Roza Chumakova

Personal information
- Born: 8 June 1924 Moscow, Russia
- Died: 10 October 2007 (aged 83)

Sport
- Sport: Rowing

Medal record
Representing the Soviet Union
European Rowing Championships
| Gold medal – first place | 1954 Amsterdam | Single sculls |
| Gold medal – first place | 1955 Bucharest | Single sculls |

= Roza Chumakova =

Russian rower

Roza Stepanovna Chumakova (Роза Степановна Чумакова, 8 June 1924 – 10 October 2007) was Russian rower who won two European titles in the single sculls in 1954 and 1955.

==Biography==
Chumakova graduated from secondary school shortly before the start of the German invasion of the Soviet Union in World War II. The same year she volunteered to work as a nurse at a military hospital and then as a radio operator at the Soviet Air Force. For her service at the World War II fronts between 1942 and 1944 Chumakova was later awarded the Order of the Patriotic War and Medal "For the Victory over Germany in the Great Patriotic War 1941–1945". She started training in rowing in 1944, shortly after demobilization.

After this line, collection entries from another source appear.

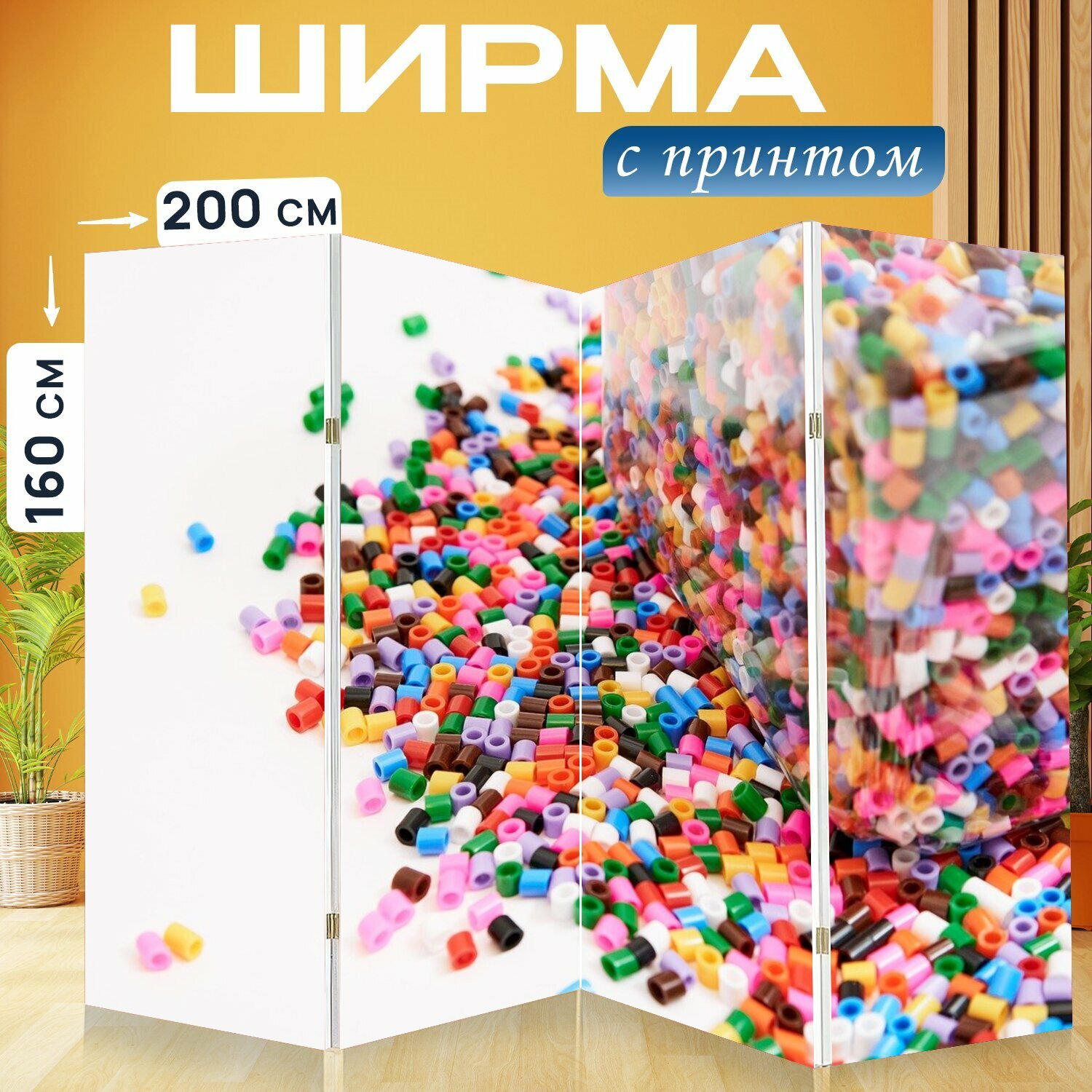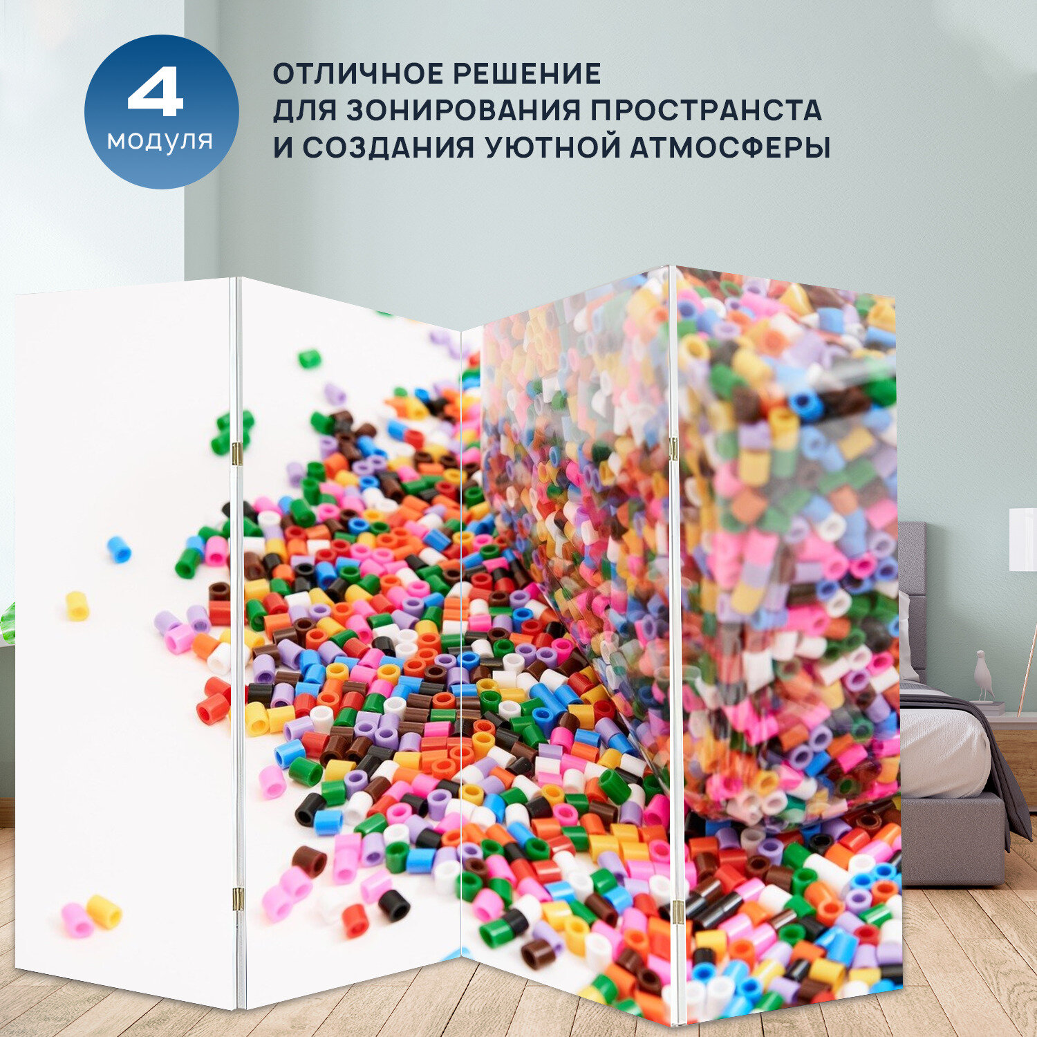 Ширма "Зеленый, розовый, синий" перегородка для зонирования комнаты с принтом 280x175 см. на холсте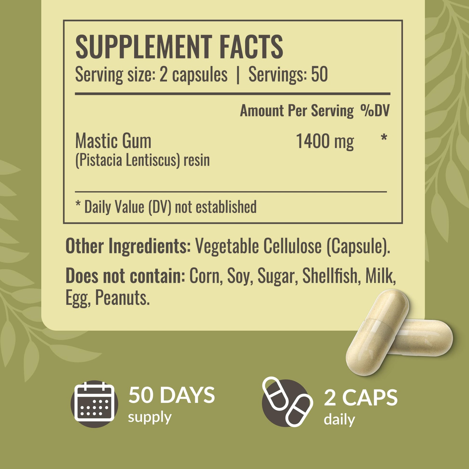 - For a Variety of Lifestyles: Our Mastic gum supplement is gluten-free, non-GMO, free from artificial colors, and any other fillers. Herbamama Mastic Gum powder capsules are crafted to complement any lifestyle.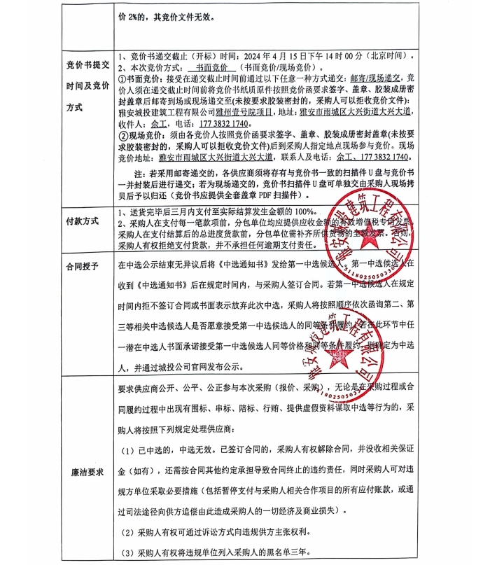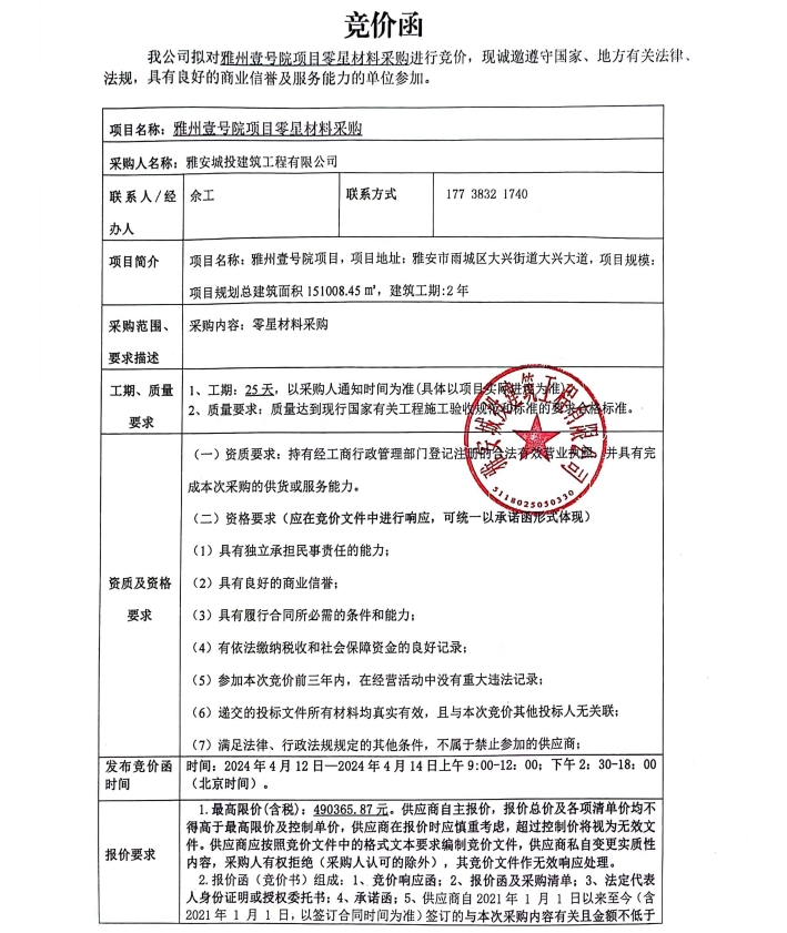 雅州壹號(hào)院項(xiàng)目零星材料采購競(jìng)價(jià)公告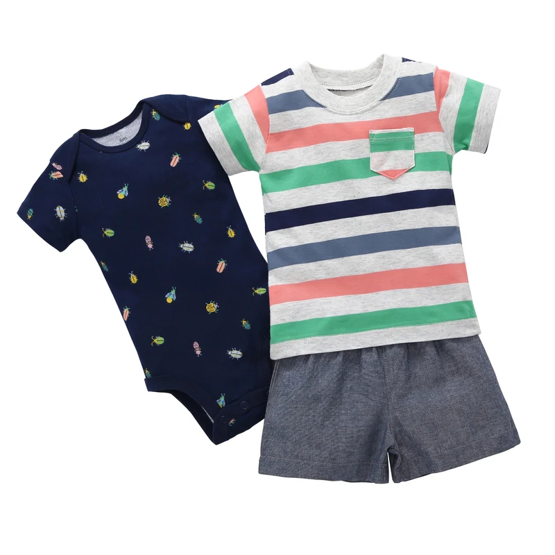 long sleeve bodysuit stripe+romper+pant clothes set for baby boy 2019 new born girl outfit newborn summer clothing babies suit

In parallel, she studied at the Moscow State University of Railway Engineering, then Moscow State Linguistic University, and then at the Moscow Institute of Physical Education (GTSOLIFK), graduating in 1949. In 1969 she defended her PhD on physical training of elite rowers and later worked as professor of physical education at the Moscow State Technical University of Civil Aviation. Between 1985 and 2000 she was president of the Moscow Federation of Masters Rowing.

Chumakova had a brother Slava and a daughter Tatyana. She was married more than once, last to Igor Borisovich Yefimov.